Может, это и хорошо. В конце концов, мне же сказали, что быть нормальной утомительно и тоскливо.
А я просто Ава. У меня обостренные слух и обоняние, иногда случаются припадки. Я люблю животных, море, лунный свет и запах клубники. Люблю шить, читать и смотреть старое кино. Я люблю этот городок и его жителей.
Я покосилась на Сэма.
А некоторых – особенно!
Я снова отхлебнула воды, и мне неожиданно стало лучше. День вообще начинался очень хорошо. Проснулась я, просто кипя энергией, – и сразу бросилась помогать Дезу расставлять столы. Потом побродила по округе, посмотрела, кто еще что продает. Кое-что прикупила: ткань, фурнитуру, морские стеклышки, пуговицы, набор для создания украшений и коробку бусин. И, конечно, очень аппетитные брауни «Земля Миссисипи» от Сиенны, как она ни пыталась всучить их мне бесплатно. Правда, я их до сих пор не попробовала – не было аппетита.
Наконец усталость взяла свое, руки и ноги отяжелели – и Дез назначил меня ответственной за кассу.

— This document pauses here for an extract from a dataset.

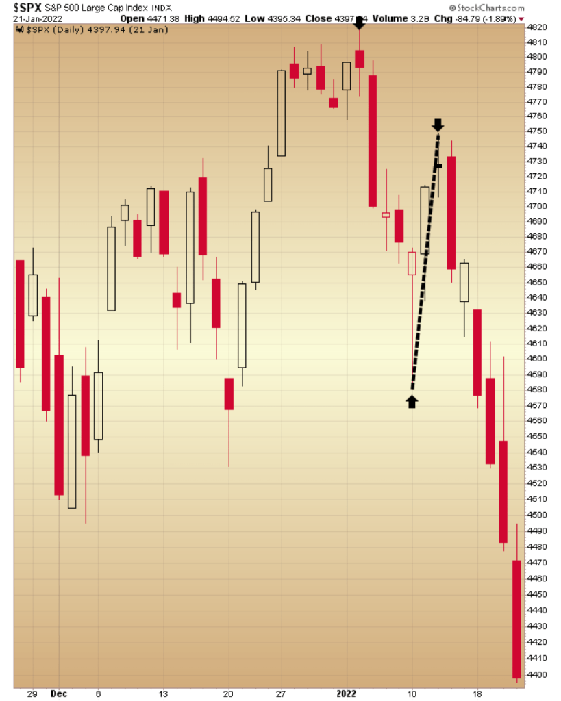 Second, if we study the charts from 1990, 2007, 2020 and 2022, we observe that after the initial thrust, the SPX consistently produced a counter trend move last 2 to 6 days (this was also true in the crash of 1929).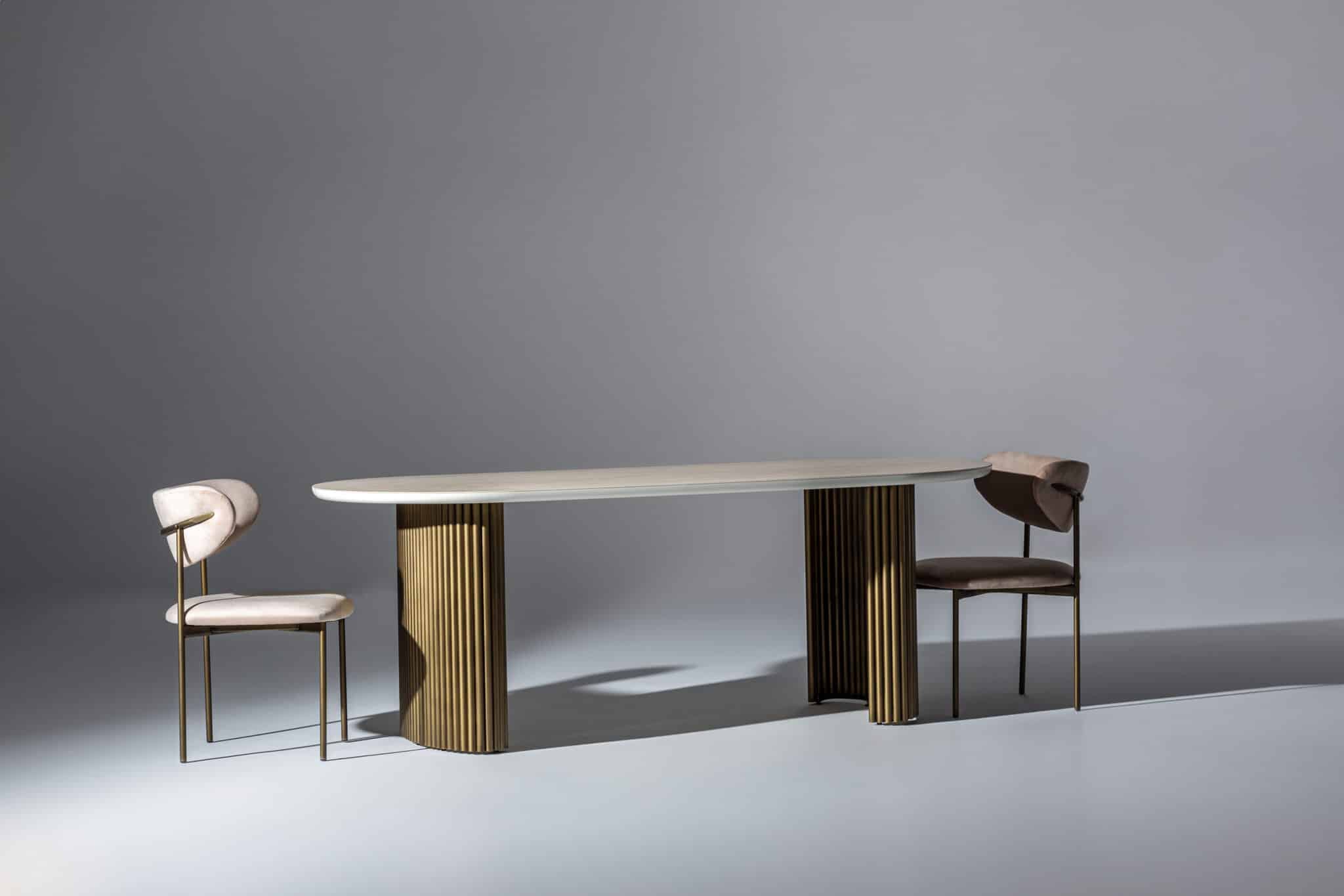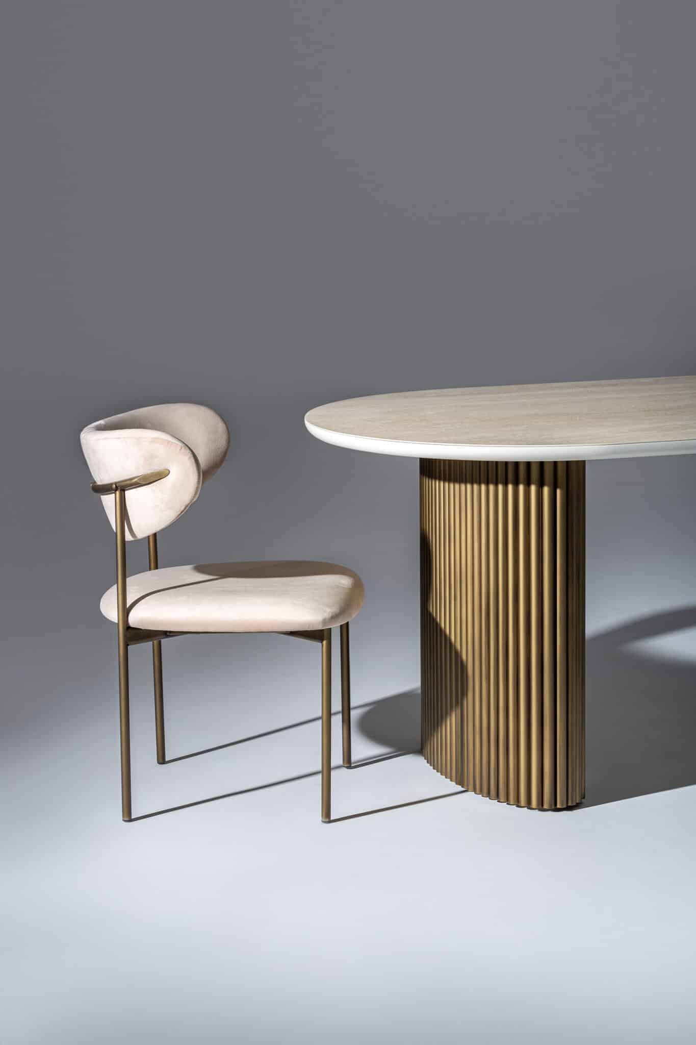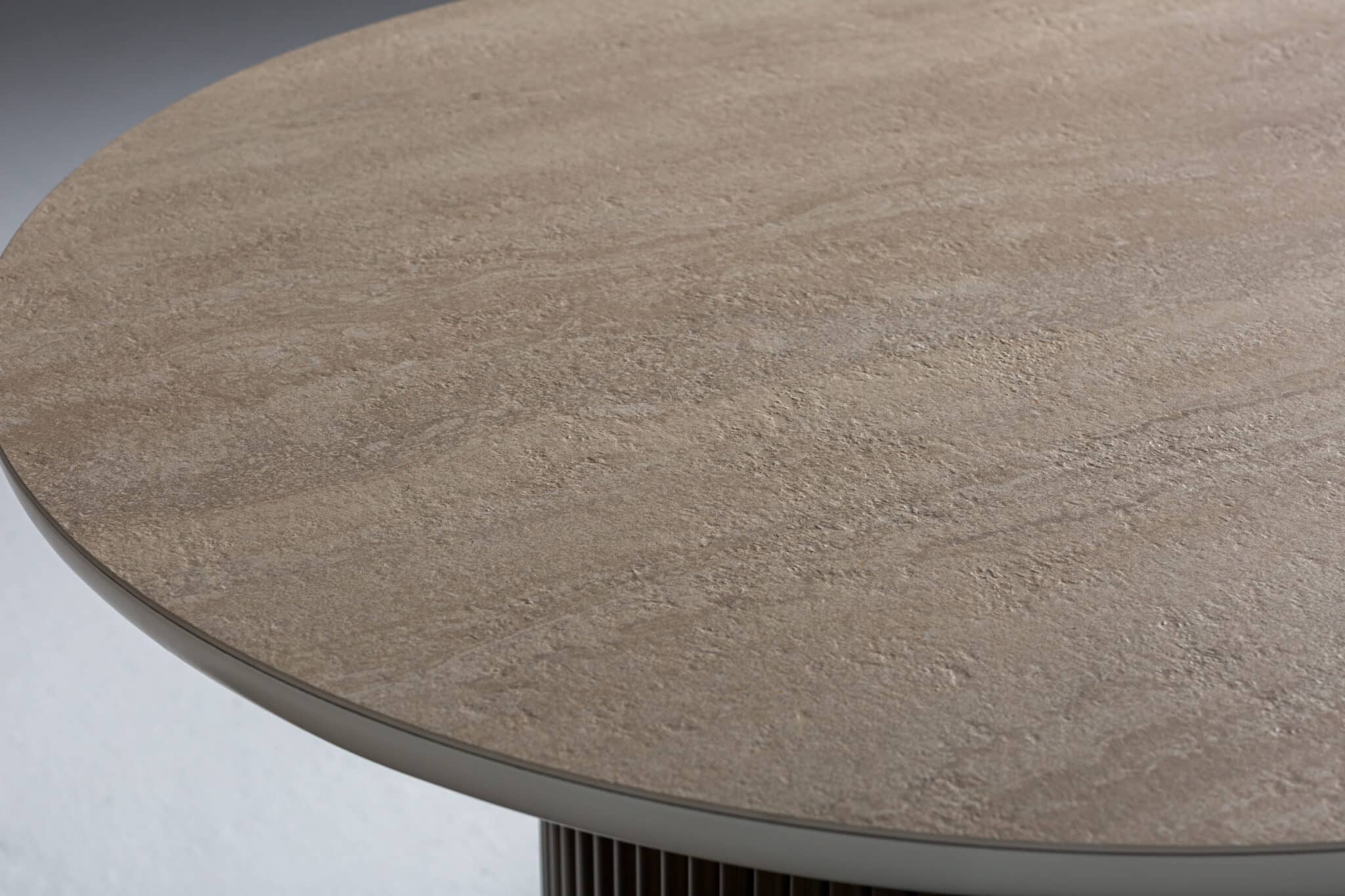 Fém bordázott láb – Bézs kő hatású Porcelán ovális alakú asztallappal

Теперь я сидела под навесом в кресле-качалке и посматривала на часы. Как только церковный колокол пробьет два, я начну помогать Дезу собирать остатки, потом приму душ и лягу подремать.
Завтра ему придется справляться самому – у меня смена в кофейне. Но, если честно, мне показалось, что ему помощь и не нужна!
Ни на дворовой распродаже, ни вообще по жизни.
Зачем он взял меня на работу?
Да, дом у него в ужасном состоянии, но, как только он продаст свою всякую всячину, клининговая служба мигом приведет его в порядок. С тех пор, как я у него поселилась, готовить мне пришлось всего трижды. Завтракал он редко, а обедал и ужинал почти всегда не дома.
Никаких ментальных нарушений я у него не заметила, разве что забывчивость и беседы с призраком. Впрочем, кто мог бы поручиться, что он не обращался вслух к своей покойной любимой жене? Я сама так делала: с Банни разговаривала, да и с Пенни несколько дней назад. Ничего страшного в этом не было, если не считать, что Дез сказал: «Мы будем вместе навсегда». Вот это настораживало. Очень настораживало!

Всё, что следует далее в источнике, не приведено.